La mattina del 7 settembre 2020 una giovane cameriera di nome Nora Rednic viene trovata strangolata in una delle camere dell’Hotel Massimo D’Azeglio, a Roma, dove lavorava. Dopo i rilievi guidati dal capo della Scientifica Ghinassi, un uomo tanto acuto quanto presuntuoso, giungono sulla scena del delitto l’ispettore Ciccio Cacace e il commissario Flavio Bertone, che rimangono immediatamente impressionati dall’atmosfera presente nella stanza e dalla bellezza della vittima. La scena del delitto pare quella di un quadro, un interno toccato da una luce impalpabile che rende ancora più imperscrutabile il mistero della donna senza vita. È proprio l’ispettore Cacace a notare la somiglianza di quella situazione con un quadro dell’artista statunitense Hopper: anzi la scena del delitto pare la riproduzione fedele dell’opera Stanza d’albergo del 1931, in cui una giovane donna, molto somigliante a Nora, è seduta sul letto di una camera che presenta gli stessi colori e la stessa luce di quella dell’Hotel D’Azeglio. Bertone comincia le indagini interrogando dapprima Marisòl, la cameriera peruviana che ha trovato la vittima, poi Iancu Ciobotariu, il marito di Nora, un uomo scontroso e violento. La suggestione del quadro di Hopper, instillatagli dalle osservazioni di Cacace, continua però a lavorare nella mente del commissario che si convince a chiedere consiglio all’amica e critica d’arte Mafalda Moreas, direttrice del Whitney Museo di New York: la donna ascolta con attenzione la descrizione della scena dell’omicidio e della vittima, in tutto e per tutto simile alla giovane seduta nel quadro di Hopper. Alla fine anche Mafalda afferma che sì, Bertone è proprio finito in un quadro di Hopper, in cui le ambientazioni essenziali e soffuse nascondono, e allo stesso tempo rivelano, il dramma esistenziale dei loro protagonisti. Bertone comprende quindi che, per risolvere il caso, dovrà prima scoprire i segreti della povera Nora, la cui tristezza era già stata riconosciuta e rappresentata da Hopper nel volto di una giovane donna negli anni Trenta...

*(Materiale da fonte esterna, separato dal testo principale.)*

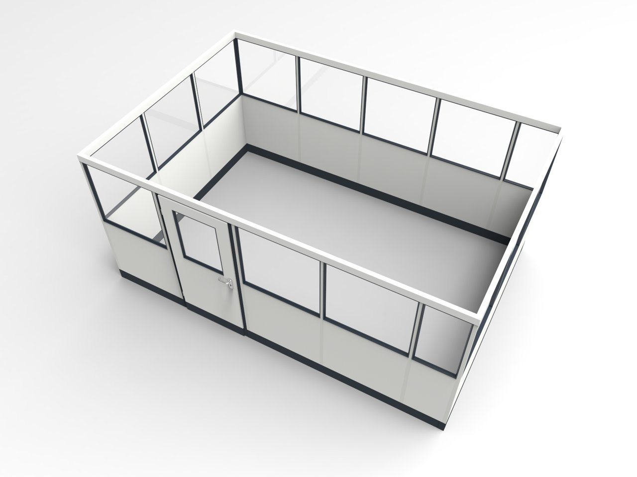 Die Stellwand SW4-4530 bietet Ihnen eine innovative Lösung, um Ihre Arbeitsumgebung optimal zu gestalten. Mit seinen kompakten Abmessungen von 4,5 x 3 m und einer großzügigen lichte Raumhöhe von 2.510 mm schafft es einen hellen und einladenden Raum, der sowohl Effizienz als auch Komfort fördert. Durch die modulare Bauweise passt sich dieses Büro flexibel an Ihre individuellen Bedürfnisse an und ermöglicht es Ihnen, Veränderungen in Ihrer Produktionsumgebung schnell und unkompliziert umzusetzen.
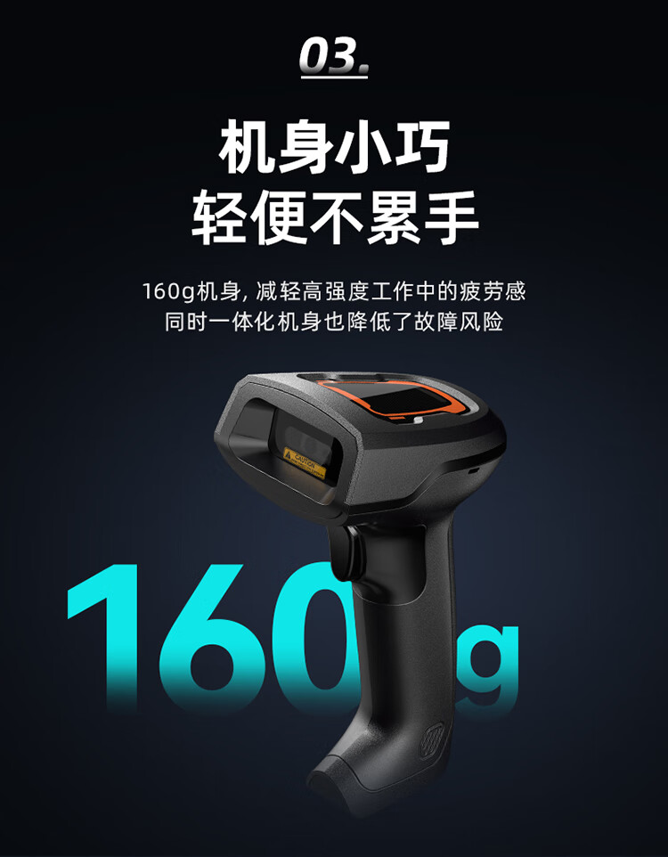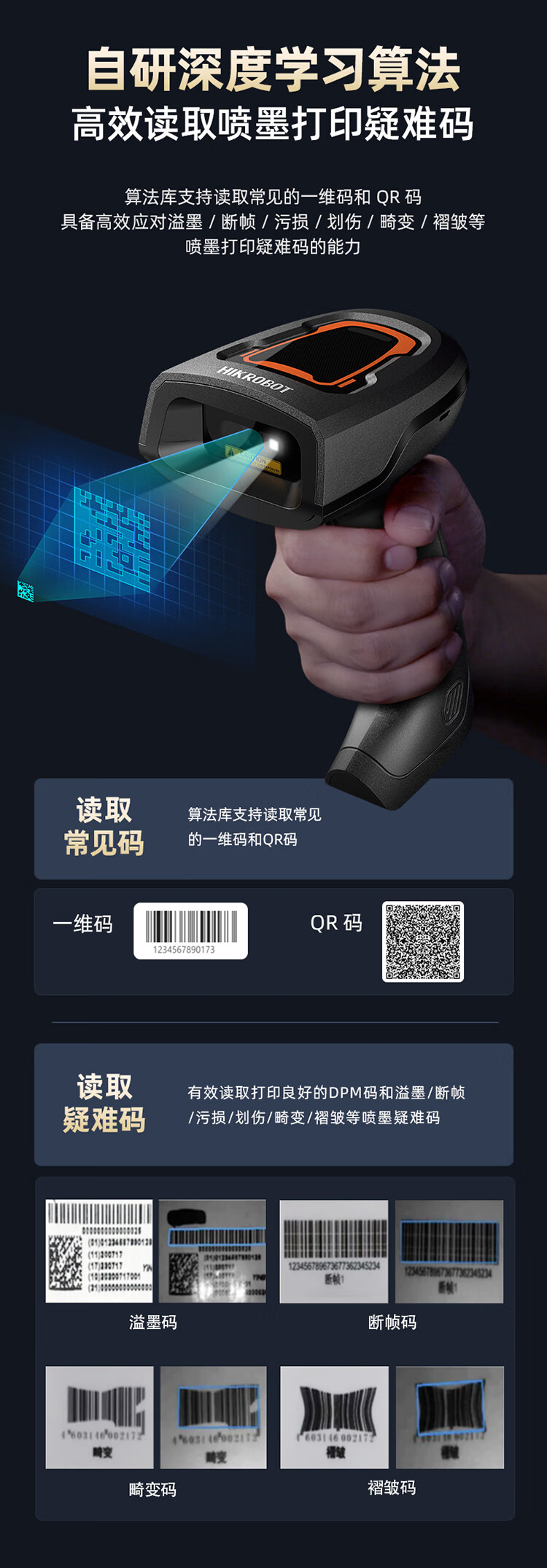 海康MV-IDH2003系列手持讀碼器具備30萬全局圖像傳感器,搭載NPU+CPU雙核處理器,支持讀取各種主流碼制的條形碼,可高效讀取噴墨/打印疑難碼,支持USB-HID、USB-CDC、RS232三種通信接口,輕便小巧,具有良好的易用性。

Fabio Bussotti è prima di tutto un attore formatosi alla prestigiosa Bottega Teatrale di Firenze, ha vinto il Nastro d’Argento come migliore attore non protagonista nel film Francesco di Liliana Cavani e, successivamente, si è speso come drammaturgo, sceneggiatore e traduttore. Ha intrapreso poi la carriera di scrittore con la serie del commissario Bertone, di cui La ragazza di Hopper è la settima avventura. L’idea di sovrapporre la scena dell’omicidio a quella di un’opera d’arte è molto suggestiva: la risoluzione del delitto diventa un po’ come l’interpretazione del quadro, perché, come in un dipinto, dietro le figure che animano la scena c’è sempre molto di più dell’apparenza, si cela un enigma che chiede di essere risolto e in cui si sovrappongono frammenti di vita non solo dell’autore, ma anche dell’osservatore che si cala all’interno dell’opera diventandone lui stesso protagonista. Il libro si apre con un salto temporale all’indietro rispetto alla vicenda: il 6 settembre 1963 il critico irlandese Brian O’Doherty infatti si trova a casa di Hopper a Truro, in Massachusetts, per intervistare il più grande pittore statunitense del suo tempo su incarico del Whitney Museum di New York (lo stesso dove lavora Mafalda Moreas, l’amica di Bertone). L’attenzione del critico si focalizza su un’opera poggiata sul cavalletto: l’interno di una stanza inondata dalla luce del mattino, in cui si nota la soppressione di una figura, probabilmente una donna. Lo stesso artista non sa o non riesce a rispondere alle domande su di lei e questa figura femminile, di cui rimane poco più di una suggestione sulla tela, è la stessa che fin dall’inizio del libro lega passato (la donna è quella di Stanza d’albergo del 1931) e presente (la scena del delitto all’Hotel D’Azeglio). Le due Nora, quella dipinta e quella reale, non solo alimentano l’alone di mistero intorno alla storia, ma diventano il simbolo di tutte le vittime private dei loro sogni e aspirazioni dalla violenza e brutalità di crudeli carnefici e testimoniano come le opere d’arte trasmettano i loro messaggi attraverso una dimensione fuori dal tempo e dallo spazio.